Exercise data ->

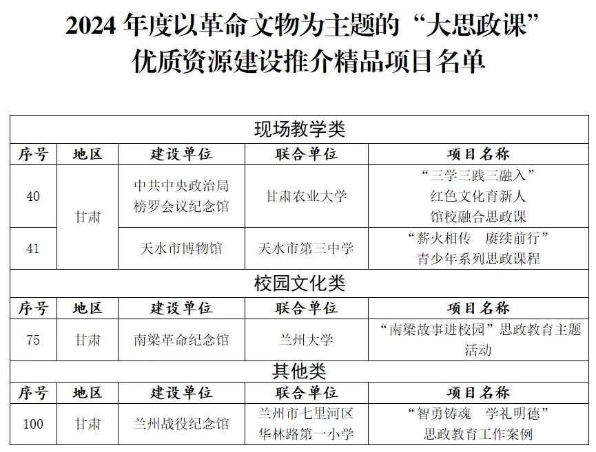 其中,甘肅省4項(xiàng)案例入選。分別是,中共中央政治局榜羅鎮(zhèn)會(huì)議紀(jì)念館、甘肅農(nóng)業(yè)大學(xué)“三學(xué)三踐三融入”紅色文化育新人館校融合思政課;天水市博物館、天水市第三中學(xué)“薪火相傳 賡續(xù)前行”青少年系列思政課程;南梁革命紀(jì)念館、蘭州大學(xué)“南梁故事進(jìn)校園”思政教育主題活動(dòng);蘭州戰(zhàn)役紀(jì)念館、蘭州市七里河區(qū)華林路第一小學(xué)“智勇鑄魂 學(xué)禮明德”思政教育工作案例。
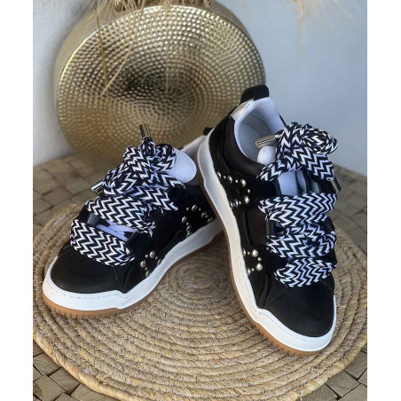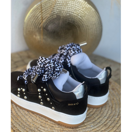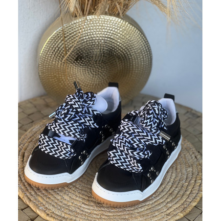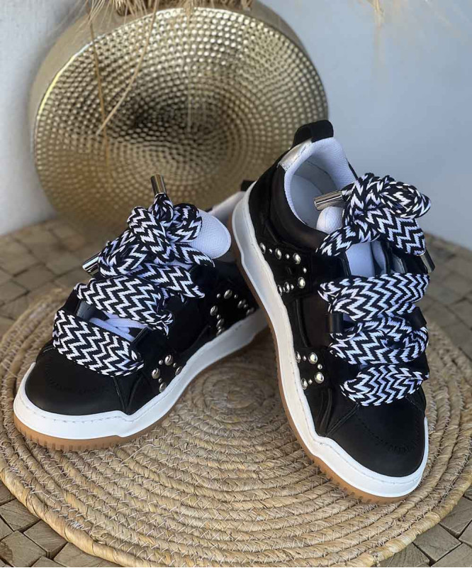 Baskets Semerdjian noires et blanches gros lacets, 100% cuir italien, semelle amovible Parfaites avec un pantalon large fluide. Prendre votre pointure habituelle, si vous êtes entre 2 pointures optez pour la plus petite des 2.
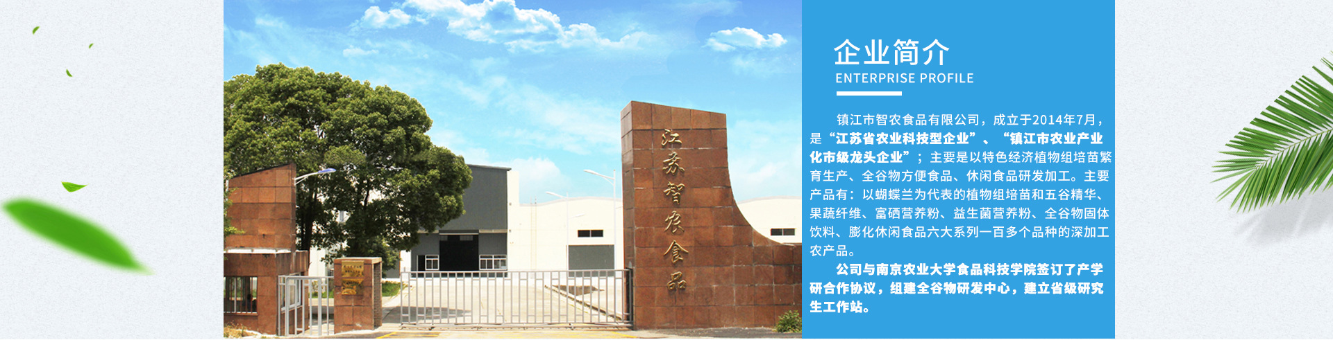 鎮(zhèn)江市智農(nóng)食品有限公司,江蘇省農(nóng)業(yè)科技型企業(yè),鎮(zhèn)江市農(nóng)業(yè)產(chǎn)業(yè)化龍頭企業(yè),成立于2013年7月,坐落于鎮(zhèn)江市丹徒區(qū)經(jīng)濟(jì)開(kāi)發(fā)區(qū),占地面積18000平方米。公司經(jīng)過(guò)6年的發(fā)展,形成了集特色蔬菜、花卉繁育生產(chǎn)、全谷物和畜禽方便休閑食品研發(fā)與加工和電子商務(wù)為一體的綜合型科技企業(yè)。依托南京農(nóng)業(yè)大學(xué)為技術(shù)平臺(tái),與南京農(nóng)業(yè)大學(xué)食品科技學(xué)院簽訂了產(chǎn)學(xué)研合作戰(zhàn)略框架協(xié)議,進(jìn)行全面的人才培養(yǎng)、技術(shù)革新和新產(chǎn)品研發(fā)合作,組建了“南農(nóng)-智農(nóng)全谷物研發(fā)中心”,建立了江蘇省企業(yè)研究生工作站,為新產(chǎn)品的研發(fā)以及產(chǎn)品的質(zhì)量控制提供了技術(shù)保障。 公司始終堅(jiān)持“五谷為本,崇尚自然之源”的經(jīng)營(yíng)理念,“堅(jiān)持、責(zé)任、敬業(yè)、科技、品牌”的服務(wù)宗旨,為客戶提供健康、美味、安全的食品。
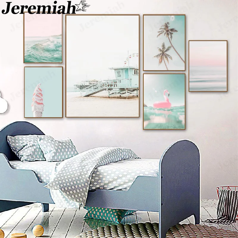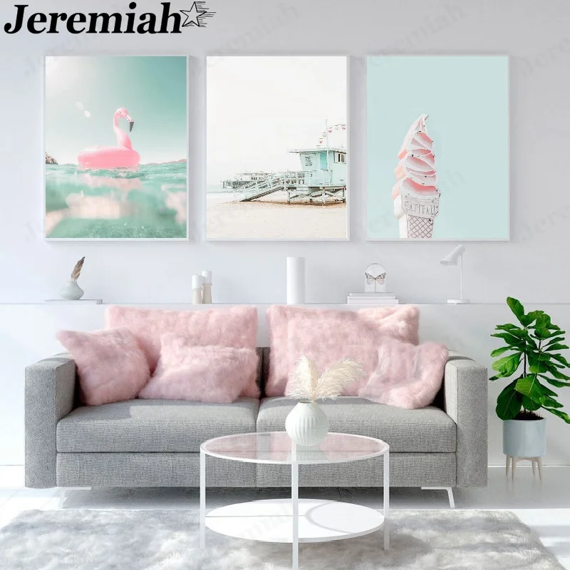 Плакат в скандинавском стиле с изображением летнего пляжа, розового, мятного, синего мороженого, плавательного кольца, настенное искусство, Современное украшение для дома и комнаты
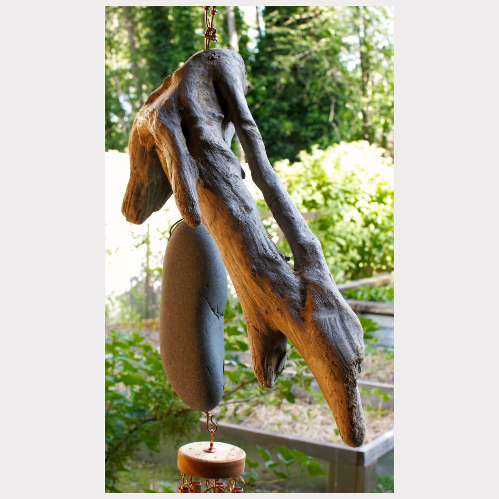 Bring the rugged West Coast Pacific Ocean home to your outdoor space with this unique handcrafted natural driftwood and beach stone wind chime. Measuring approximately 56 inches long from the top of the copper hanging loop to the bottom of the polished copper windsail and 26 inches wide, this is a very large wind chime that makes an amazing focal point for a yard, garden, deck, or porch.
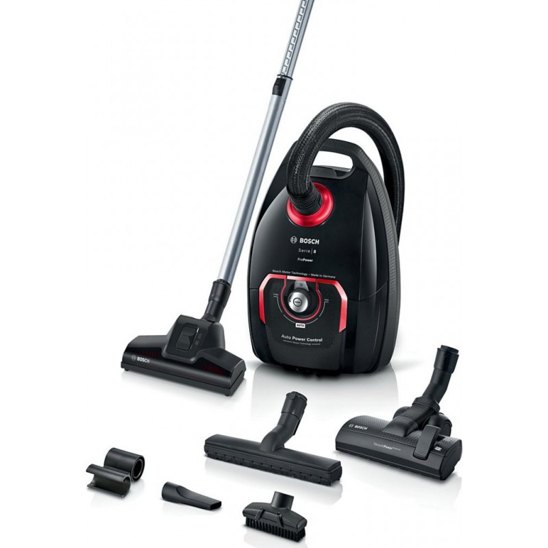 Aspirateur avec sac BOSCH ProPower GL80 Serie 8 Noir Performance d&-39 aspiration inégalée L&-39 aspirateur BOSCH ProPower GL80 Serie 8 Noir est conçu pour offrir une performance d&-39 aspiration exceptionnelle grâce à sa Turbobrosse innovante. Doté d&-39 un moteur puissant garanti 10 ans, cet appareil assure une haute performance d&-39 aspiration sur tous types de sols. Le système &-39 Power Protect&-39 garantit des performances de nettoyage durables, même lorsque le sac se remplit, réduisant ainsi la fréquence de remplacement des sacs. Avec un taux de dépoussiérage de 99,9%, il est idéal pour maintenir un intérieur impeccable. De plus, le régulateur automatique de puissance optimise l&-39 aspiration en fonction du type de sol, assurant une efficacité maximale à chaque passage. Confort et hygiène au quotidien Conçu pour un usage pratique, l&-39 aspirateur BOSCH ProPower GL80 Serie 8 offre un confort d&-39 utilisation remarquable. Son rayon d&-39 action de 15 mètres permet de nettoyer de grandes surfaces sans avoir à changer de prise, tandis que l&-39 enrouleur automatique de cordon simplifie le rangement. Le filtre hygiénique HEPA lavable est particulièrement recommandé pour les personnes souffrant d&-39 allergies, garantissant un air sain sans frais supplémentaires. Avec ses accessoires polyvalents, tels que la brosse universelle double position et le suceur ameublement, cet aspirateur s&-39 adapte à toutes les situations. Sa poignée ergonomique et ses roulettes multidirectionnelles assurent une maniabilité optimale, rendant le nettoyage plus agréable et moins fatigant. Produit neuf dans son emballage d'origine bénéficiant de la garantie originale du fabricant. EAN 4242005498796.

What is required -> Your answer must be the lines from the opening line of the entries through the line holding "Bring the rugged", written out exactly and without any picture.

Answer to this problem ->
 其中,甘肅省4項(xiàng)案例入選。分別是,中共中央政治局榜羅鎮(zhèn)會(huì)議紀(jì)念館、甘肅農(nóng)業(yè)大學(xué)“三學(xué)三踐三融入”紅色文化育新人館校融合思政課;天水市博物館、天水市第三中學(xué)“薪火相傳 賡續(xù)前行”青少年系列思政課程;南梁革命紀(jì)念館、蘭州大學(xué)“南梁故事進(jìn)校園”思政教育主題活動(dòng);蘭州戰(zhàn)役紀(jì)念館、蘭州市七里河區(qū)華林路第一小學(xué)“智勇鑄魂 學(xué)禮明德”思政教育工作案例。
 Baskets Semerdjian noires et blanches gros lacets, 100% cuir italien, semelle amovible Parfaites avec un pantalon large fluide. Prendre votre pointure habituelle, si vous êtes entre 2 pointures optez pour la plus petite des 2.
 鎮(zhèn)江市智農(nóng)食品有限公司,江蘇省農(nóng)業(yè)科技型企業(yè),鎮(zhèn)江市農(nóng)業(yè)產(chǎn)業(yè)化龍頭企業(yè),成立于2013年7月,坐落于鎮(zhèn)江市丹徒區(qū)經(jīng)濟(jì)開(kāi)發(fā)區(qū),占地面積18000平方米。公司經(jīng)過(guò)6年的發(fā)展,形成了集特色蔬菜、花卉繁育生產(chǎn)、全谷物和畜禽方便休閑食品研發(fā)與加工和電子商務(wù)為一體的綜合型科技企業(yè)。依托南京農(nóng)業(yè)大學(xué)為技術(shù)平臺(tái),與南京農(nóng)業(yè)大學(xué)食品科技學(xué)院簽訂了產(chǎn)學(xué)研合作戰(zhàn)略框架協(xié)議,進(jìn)行全面的人才培養(yǎng)、技術(shù)革新和新產(chǎn)品研發(fā)合作,組建了“南農(nóng)-智農(nóng)全谷物研發(fā)中心”,建立了江蘇省企業(yè)研究生工作站,為新產(chǎn)品的研發(fā)以及產(chǎn)品的質(zhì)量控制提供了技術(shù)保障。 公司始終堅(jiān)持“五谷為本,崇尚自然之源”的經(jīng)營(yíng)理念,“堅(jiān)持、責(zé)任、敬業(yè)、科技、品牌”的服務(wù)宗旨,為客戶提供健康、美味、安全的食品。
 Плакат в скандинавском стиле с изображением летнего пляжа, розового, мятного, синего мороженого, плавательного кольца, настенное искусство, Современное украшение для дома и комнаты
 Bring the rugged West Coast Pacific Ocean home to your outdoor space with this unique handcrafted natural driftwood and beach stone wind chime. Measuring approximately 56 inches long from the top of the copper hanging loop to the bottom of the polished copper windsail and 26 inches wide, this is a very large wind chime that makes an amazing focal point for a yard, garden, deck, or porch.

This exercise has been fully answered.